Выбрать главу

Нужно это только заново перечувствовать, а я только вспоминаю то, что когда-то чувствовал. <...>

8 июня. Получил сегодня письмо от Ремизова. Странный человек. Он воспринимает очень много впечатлений, но душа у него, как закопченное стекло, пропускает их ужасно мало. И все это скупо, скудно, мучительно трудно. Вольного воздуха нет ни в чем, что он делает. Вот только что получил от него письмо.
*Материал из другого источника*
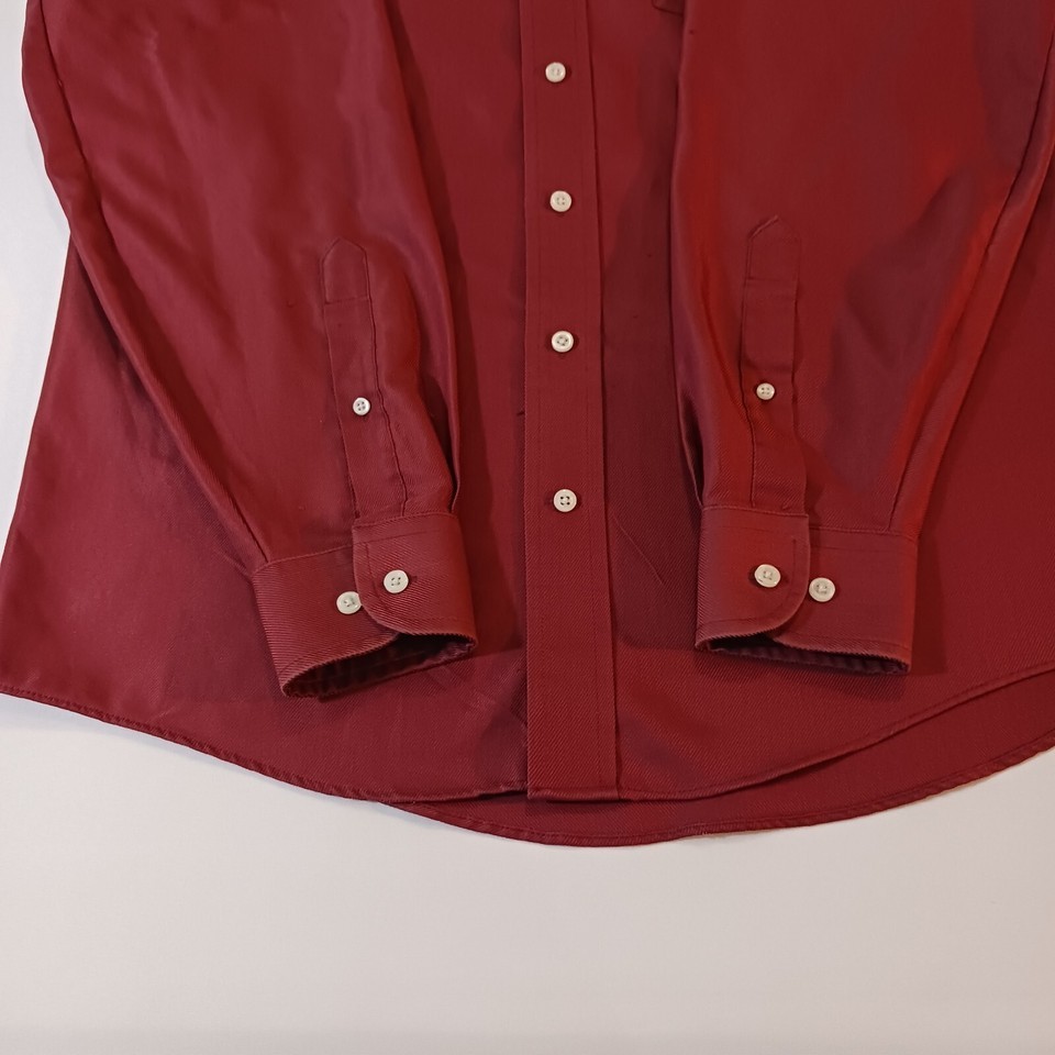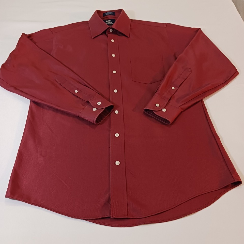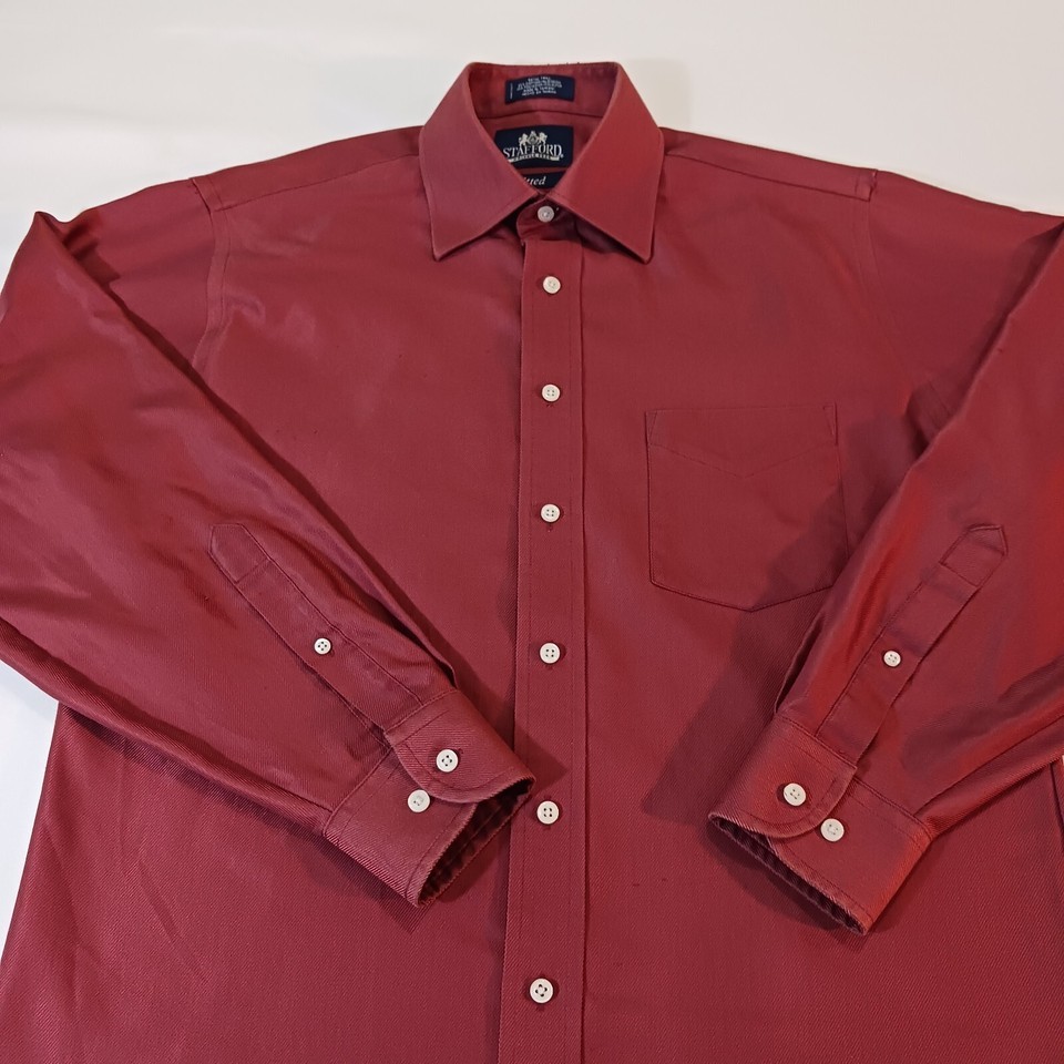 Stafford Wrinkle Free Men's Long Sleeve Casual Button Up Red Shirt is a regular fit shirt made of cotton material. It has a collared neckline, spread collar style, and button closure. The shirt is solid red with button accents and is suitable for casual occasions. It is a size 16 with a sleeve length of 34-35 inches. The shirt is designed for all seasons and was made in Taiwan.

Все вымученно, все старательно.

(Вклеено письмо.— Е. Ч.)

Многоуважаемый Корней Иванович!

Вот Вам человек для «Плена».

Кланяюсь Марье Борисовне.

Ремизов

Вот что я решил: каждый день переводить (прозой) по сонету из Россетти.
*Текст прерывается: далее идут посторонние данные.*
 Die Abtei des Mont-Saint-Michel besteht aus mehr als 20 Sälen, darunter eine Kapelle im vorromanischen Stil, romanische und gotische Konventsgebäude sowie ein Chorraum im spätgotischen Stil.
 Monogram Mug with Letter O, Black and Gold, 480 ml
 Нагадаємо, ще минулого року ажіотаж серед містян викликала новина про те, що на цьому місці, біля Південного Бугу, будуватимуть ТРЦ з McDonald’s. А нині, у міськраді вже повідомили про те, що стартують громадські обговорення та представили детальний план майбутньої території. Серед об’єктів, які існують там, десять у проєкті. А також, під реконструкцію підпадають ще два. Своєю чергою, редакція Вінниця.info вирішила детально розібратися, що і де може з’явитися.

Сонет — это памятник минуте,— памятник мертвому, бессмертному часу, созданный вечностью души. Блюди, чтобы он не кичился своим тяжелым совершенством,— создан ли он для очистительной молитвы или для грозных знамений. Отчекань его из слоновой кости или из черного дерева,— да будет он подобен дню или ночи. И пусть увидит время его украшенный цветами шлем — блестящим и в жемчугах. Сонет — монета. Ее лицо — душа. А на обороте сказано, кому она служит воздаянием: служит ли она царственной податью, которой требует жизнь, или данью при высоком дворе любви. Или среди подземных ветров, в темных верфях он служит, он кладется в руки харона, как пошлина смерти. Прекрасно! Я начал хромыми стихами:

О памятник мгновения — сонет —

Умершего бессмертного мгновенья. <...>

18 июня. <...> Заинтересовал меня Чаттертон. Вот что пишет о нем Rossetti: «С шекспировской зрелостью в диком сердце мальчишки; сомнением Гамлета близко соединенный с Шекспиром и родной Мильтону гордыней Сатаны,— он склонился только у дверей Смерти— и ждал стрелы. И к новому бесценному цветнику английского искусства — даже к этому алтарю, который Время уже сделало божественным, к невысказанному сердцу, которое противоборствовало с ним — он направил ужасное острие, и сорвал печати жизни. Five English Poets. Sonnet First»*.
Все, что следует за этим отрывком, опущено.